Ensuring that plants can access essential nutrients is one of the major challenges of modern agriculture, particularly in coastal regions with a Mediterranean climate, with calcareous soils that have low iron availability. Although this element is often present, it is not always available in a form that can be easily absorbed by plants. This causes the development of iron chlorosis — a physiological problem that reduces the growth, productivity and quality of crops.
It was within this context that Teresa Saavedra developed her doctoral work, investigating how plants regulate their physiology in response to iron deficiency, with a particular focus on interspecies interactions and the role of compounds released by roots as a strategy to improve iron nutrition.
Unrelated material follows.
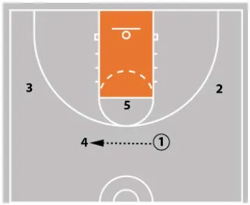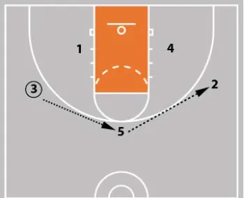 The 3 V-cuts or L-cuts to get open and receive a pass. After the pass is made, the 4 and the 1 both cut off the 5 at the high post, making an X. 1 stops at the block. 5 clears to the opposite corner. |

The research benefited from the interdisciplinary scientific environment of CCMAR and access to infrastructure, analytical technologies, and cross-cutting knowledge that have supported projects such as AgroSERV and AQUASERV, aligned with European policies on food security, sustainability, agricultural resilience, and ecosystem recovery (examples: Farm to Fork Strategy and Sustainable Development Goals).
“My work focused on understanding how interactions between plants can improve iron nutrition and reduce chlorosis through physiological responses that go beyond classic absorption mechanisms.” – Teresa Saavedra
Throughout her PhD, Teresa studied three widely used perennial grasses — Poa pratensis, Lolium perenne and Festuca rubra.
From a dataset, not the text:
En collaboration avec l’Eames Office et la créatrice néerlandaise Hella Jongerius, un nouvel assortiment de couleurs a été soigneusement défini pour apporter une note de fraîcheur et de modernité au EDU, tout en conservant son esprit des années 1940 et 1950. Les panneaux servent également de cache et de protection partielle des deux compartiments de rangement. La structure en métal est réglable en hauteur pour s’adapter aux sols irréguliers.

Perennial grasses are plants that live for several years and maintain a permanent root system, allowing them to regrow after cutting, grazing or periods of environmental stress. They are widely used in pastures, animal feed, lawns and green spaces, as well as in sustainable agricultural systems, due to their high resistance, adaptability and contribution to soil protection and fertility. These characteristics make them particularly relevant in regions with a Mediterranean climate, where the limitation of nutrients such as iron represents a growing challenge for agricultural productivity.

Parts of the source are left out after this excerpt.